📘 Student Worksheet: From Gameplay to Regime Analysis

Part I — Observe the Game#

  1. Which layer failed first?
  2. What regime was being rewarded?
  3. What regime was actually needed?

Part II — Name the Regimes#

Fill in the table:

Layer Active Regime Required Regime Mismatch?
Materials
Technology
Economy
Infrastructure
Cognition/Culture

Part III — Diagnose the Collapse (or Stability)#

Answer in one paragraph:

Describe the civilization’s failure or success as a regime mismatch, not a moral or leadership failure.

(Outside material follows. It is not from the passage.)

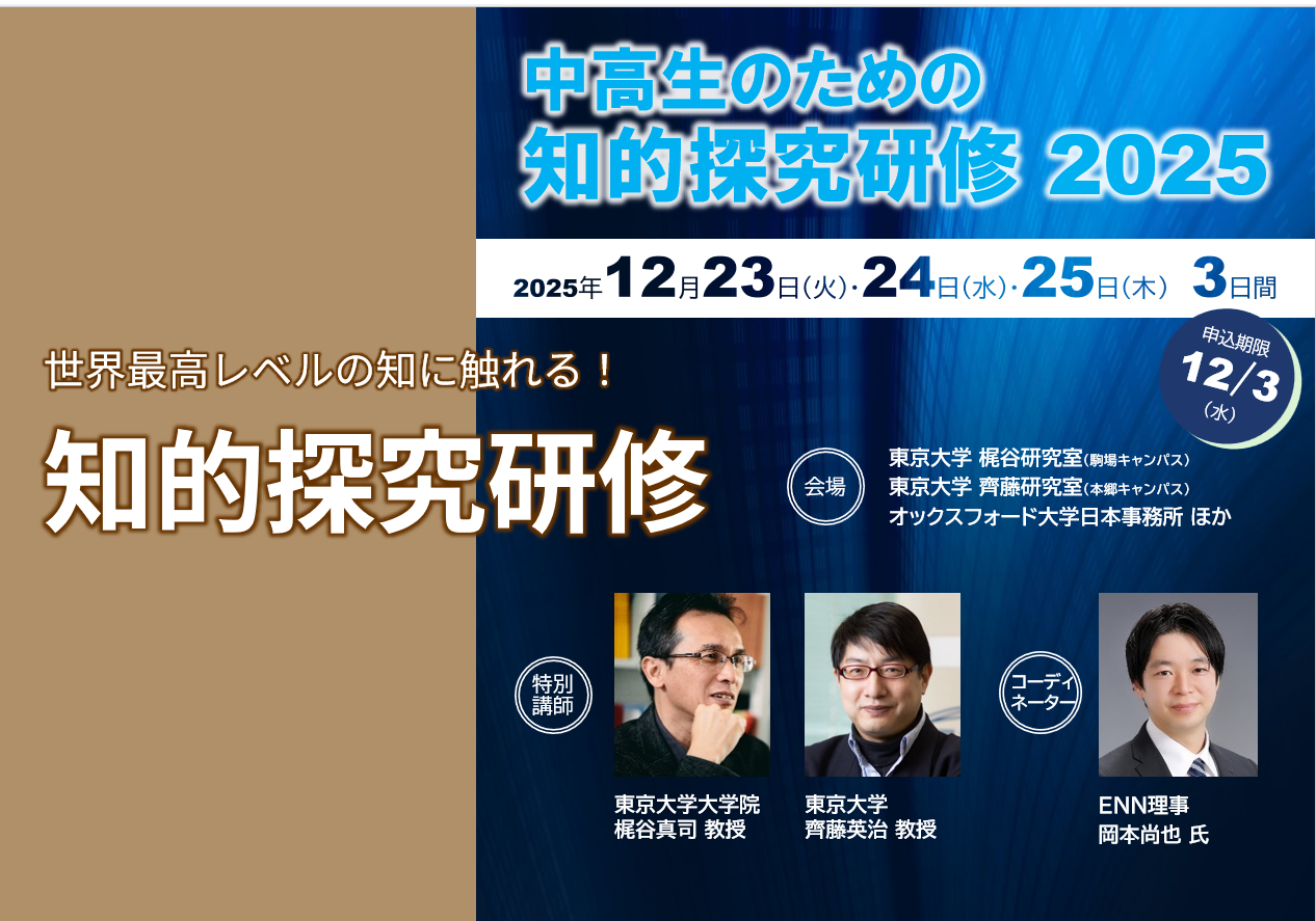 「中高生のための知的探究研修2025」申込受付中

Part IV — Redesign the Table#

Students propose one rule change:

  • new bonus
  • new trap
  • altered multiplier
  • delayed penalty

Then answer:

Which regime does your change select, and why?


Part V — Cross‑Scale Transfer#

Apply the same analysis to:

  • a modern company
  • a school system
  • a government policy
  • a technology platform

Core Learning Outcome#

Students leave understanding that:

Civilizations do not collapse because of bad people.
They collapse because regimes stop aligning across layers.

And they learn this without being lectured.


Why This Works (Quietly)#

  • Pinball teaches feedback loops
  • Regimes teach structure
  • History teaches consequences
  • Play bypasses ideological defenses

This is exactly how regime literacy becomes intuitive.